▶ **To do**
Repeat the lines below exactly as they appear, but leave out the images.

== Information supplied

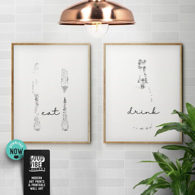 Set Of 2 Eat Drink Print Champagne Wall Art Printable Kitchen Etsy
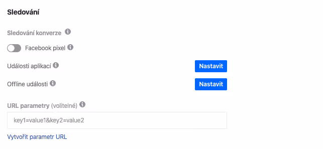 V poslední části s názvem “Sledování” nezapomeňte zapnout měření pomocí Facebook Pixelu a pokud z reklamy odkazujete na web, nezapomeňte přidat UTM parametry.
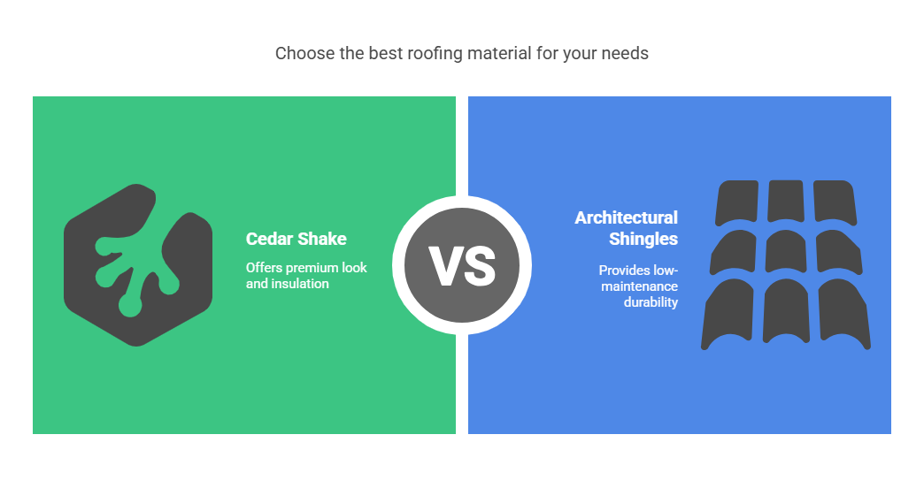 Cedar costs more. A lot more. But it also insulates better, lasts longer than asphalt (if maintained), and gives your house a unique, premium look. That said, if you just want something to put on your roof and forget about, cedar isn’t it. Go with architectural shingles. They’ll last you 20-25 years with much less effort.
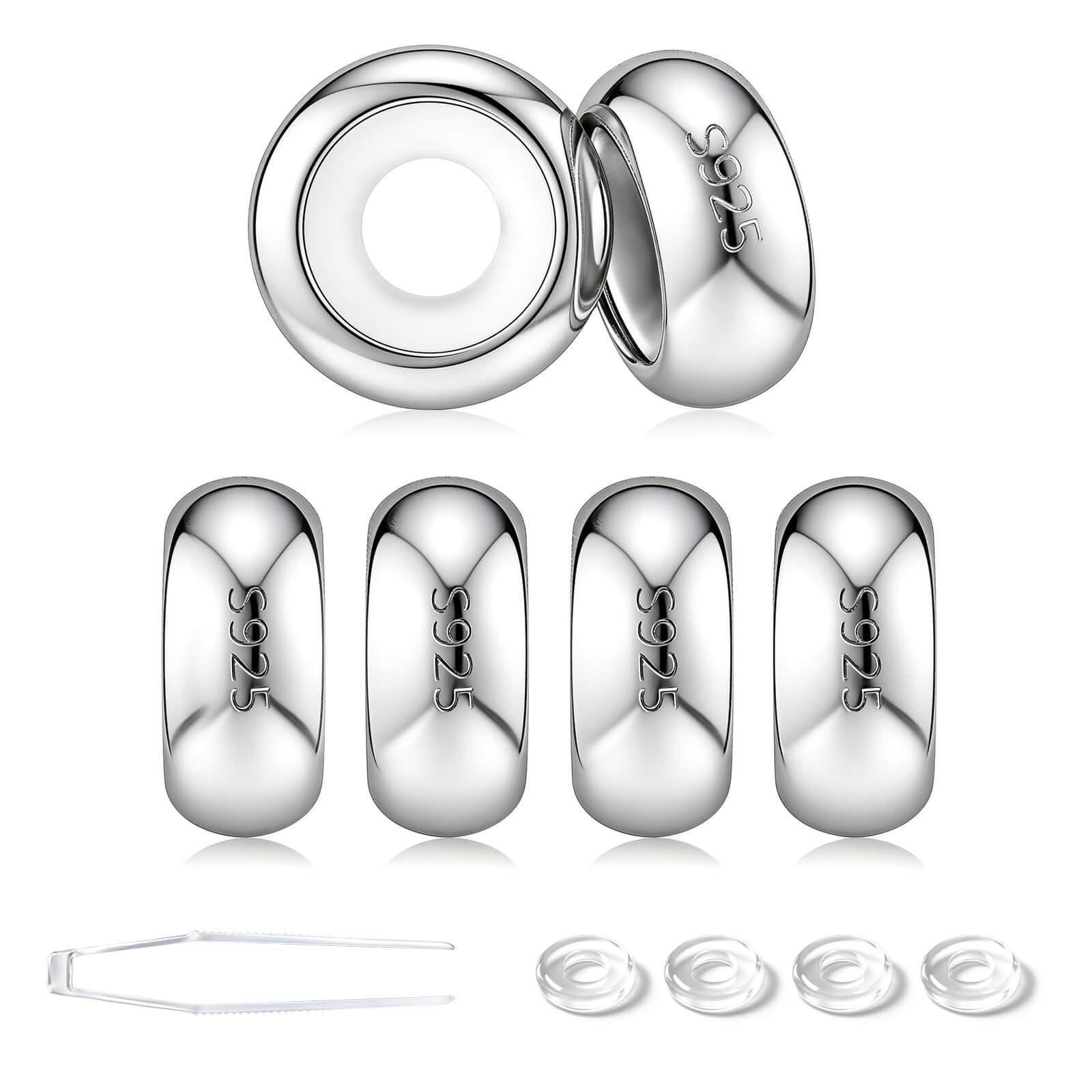 GW Charms Stopper 925 Sterling Silber für Armband mit Gummi Clip Stopper Charms für Bead Charm Armband Anhänger Spacer
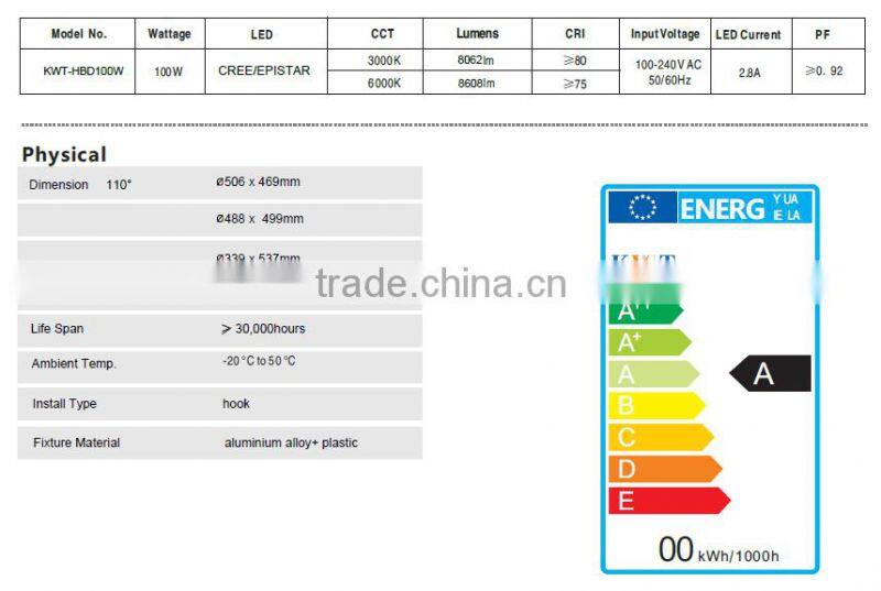High power COB 100 watt led highbay light with IP20
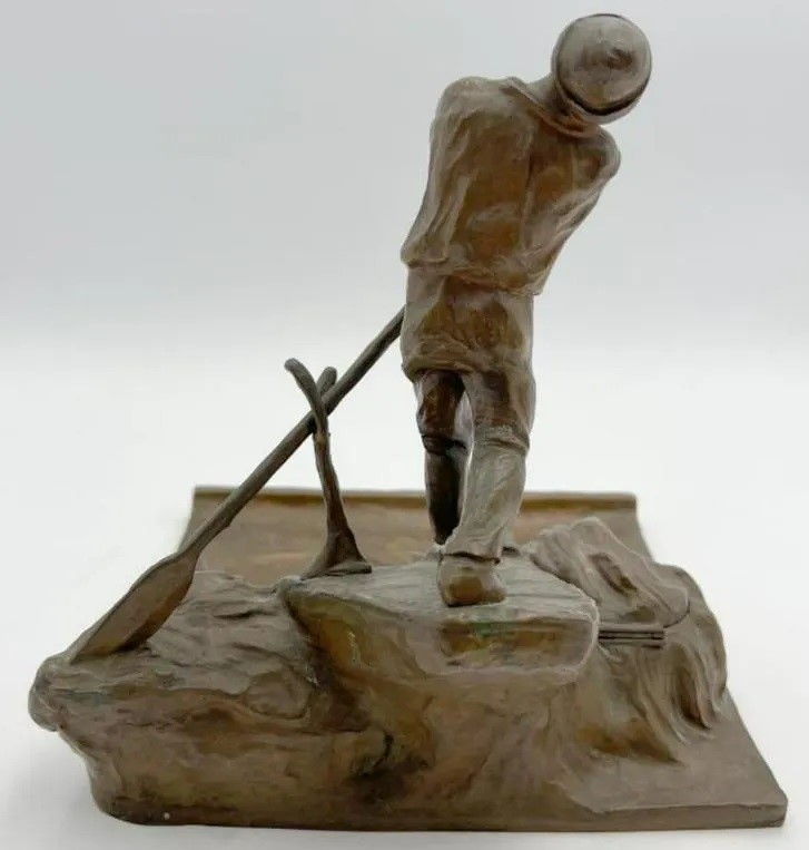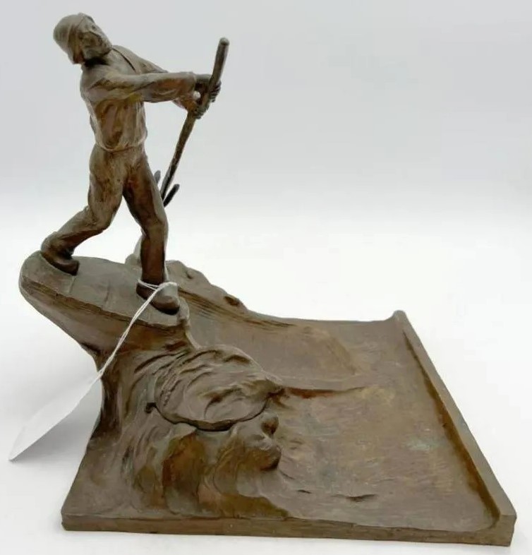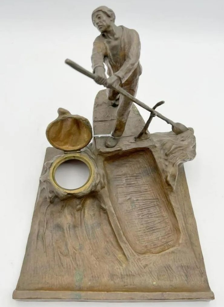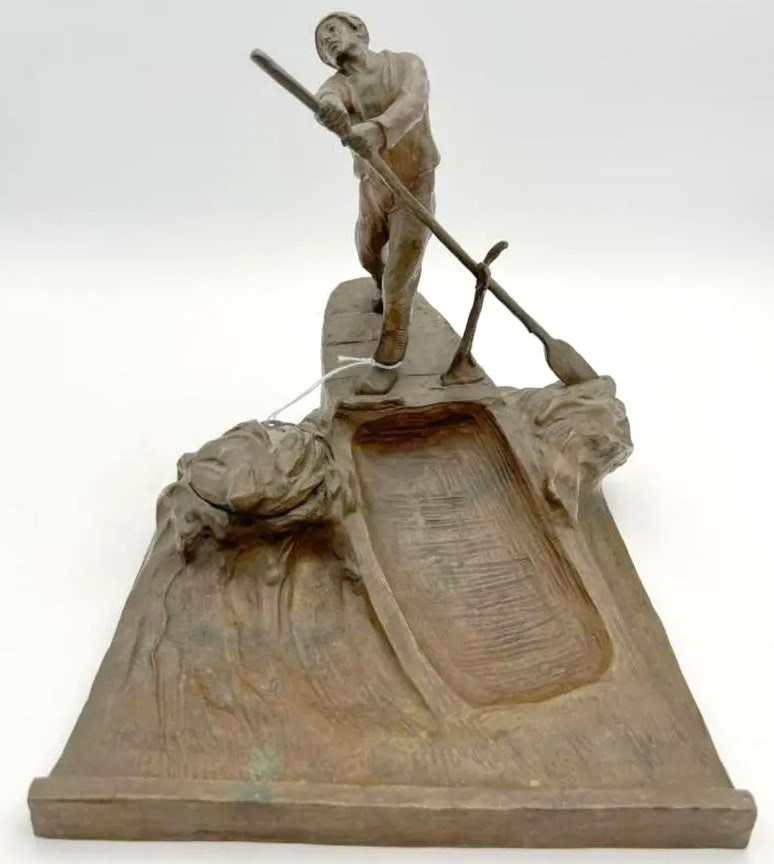 Large bronze inkwell of an oarsman on boat/gondola rowing. The inkwell is under the rock (insert is missing)

====

▶ **Exercise answer**
 Set Of 2 Eat Drink Print Champagne Wall Art Printable Kitchen Etsy
 V poslední části s názvem “Sledování” nezapomeňte zapnout měření pomocí Facebook Pixelu a pokud z reklamy odkazujete na web, nezapomeňte přidat UTM parametry.
 Cedar costs more. A lot more. But it also insulates better, lasts longer than asphalt (if maintained), and gives your house a unique, premium look. That said, if you just want something to put on your roof and forget about, cedar isn’t it. Go with architectural shingles. They’ll last you 20-25 years with much less effort.
 GW Charms Stopper 925 Sterling Silber für Armband mit Gummi Clip Stopper Charms für Bead Charm Armband Anhänger Spacer
High power COB 100 watt led highbay light with IP20
 Large bronze inkwell of an oarsman on boat/gondola rowing. The inkwell is under the rock (insert is missing)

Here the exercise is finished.